245 Park Avenue, 44th Floor

New York, NY 10167

 

 

 

Commencing on May 27, 2021, Ares Capital Corporation made the following communications to certain of its stockholders.

 

May 27, 2021

 

Re: Supplemental Information Related to Proposal 1 (Election of Directors)

 

Glass Lewis & Co. (“Glass Lewis”) has issued a voting recommendation that is inconsistent with the recommendation of our Board of Directors on the election of Robert L. Rosen as one of our Class II directors. Mr. Rosen has been an important and active member of the Board of Directors of Ares Capital Corporation (“ARCC” or the “Company”) since 2004 and we believe Glass Lewis’s recommendation does not reflect Mr.

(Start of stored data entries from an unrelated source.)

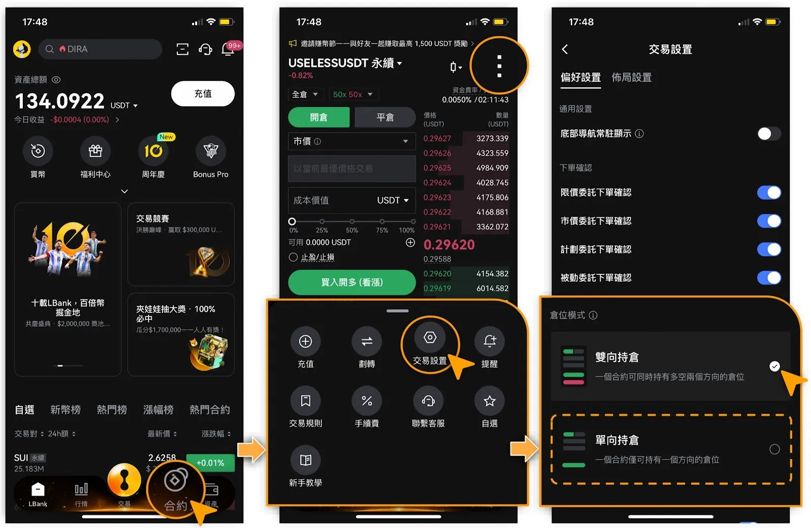 登入 LBank App, 點擊「合約」,進入合約交易頁面;
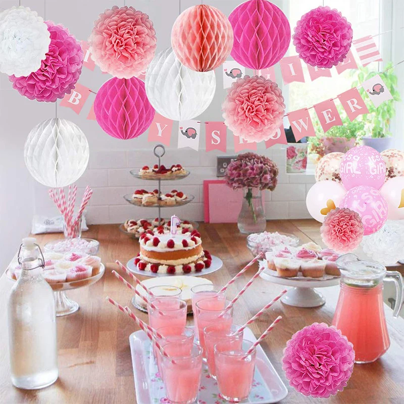 Декоративный набор для девочек-2 шт. это баннеры для девочек, детские воздушные шары в виде слона из розовой фольги, 2 шт./Золотые воздушные шары в виде любви из 4 шт./розовые воздушные шары в стиле «Это девочка» из 4 предметов/золотистые воздушные шары с блестками из 4 предметов и 9 бумажных тканевых помпонов, 3 бумажных медовых шара, 1 бумажная кисточка (три цвета, каждый цвет 5 шт.), 3 рулона 5 м серебристых лент.
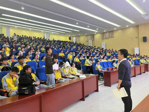 11月22日,张云波老师率先奔赴肇庆市四会中学,为高二年级的同学们开启了一场主题为“生涯启蒙、踏实向上”的课程讲座。张老师以自身丰富且多元的经历为切入点,他讲述了自己在中职、民办本科院校以及公办院校任教的历程。他深入分析道,高中阶段的认真学习是通向未来理想目标的关键阶梯。通过详细对比民办院校和公办院校在学费、奖助学金、科研条件等多方面的差异,让同学们对不同院校有了更为清晰的认知。

Rosen’s deep level of commitment to the Company and Board matters.

 

We urge you, for the reasons set forth below, to support the recommendation of our Board of Directors.

 

We are aware that Glass Lewis has adopted a policy of recommending "Against" votes for certain directors of public companies on the basis that a company's board of directors should have an independent composition of at least two-thirds. However, as described in further detail below, the composition of our Board of Directors complies with the requirements of the NASDAQ Global Select Market ("NASDAQ") and the Securities and Exchange Commission ("SEC") and, accordingly, is appropriate. In addition, the Nominating and Governance Committee of our Board of Directors and our Board of Directors have determined that the current composition of our Board of Directors and the election of Mr. Rosen is in the best interests of the Company and our stockholders.

 

WE URGE YOU TO SUPPORT THE RECOMMENDATION OF OUR BOARD OF DIRECTORS AND VOTE “FOR” THE ELECTION OF MR. ROSEN AS A DIRECTOR OF THE COMPANY. 

 

Proposal 1 (Election of Directors)

 

We urge you to support and vote FOR the election of Mr. Rosen as a director of the Company:

 

We are aware that Glass Lewis & Co. has adopted a policy of recommending "Against" votes for certain directors of public companies on the basis that a company's board of directors should have a composition of at least two-thirds independent directors.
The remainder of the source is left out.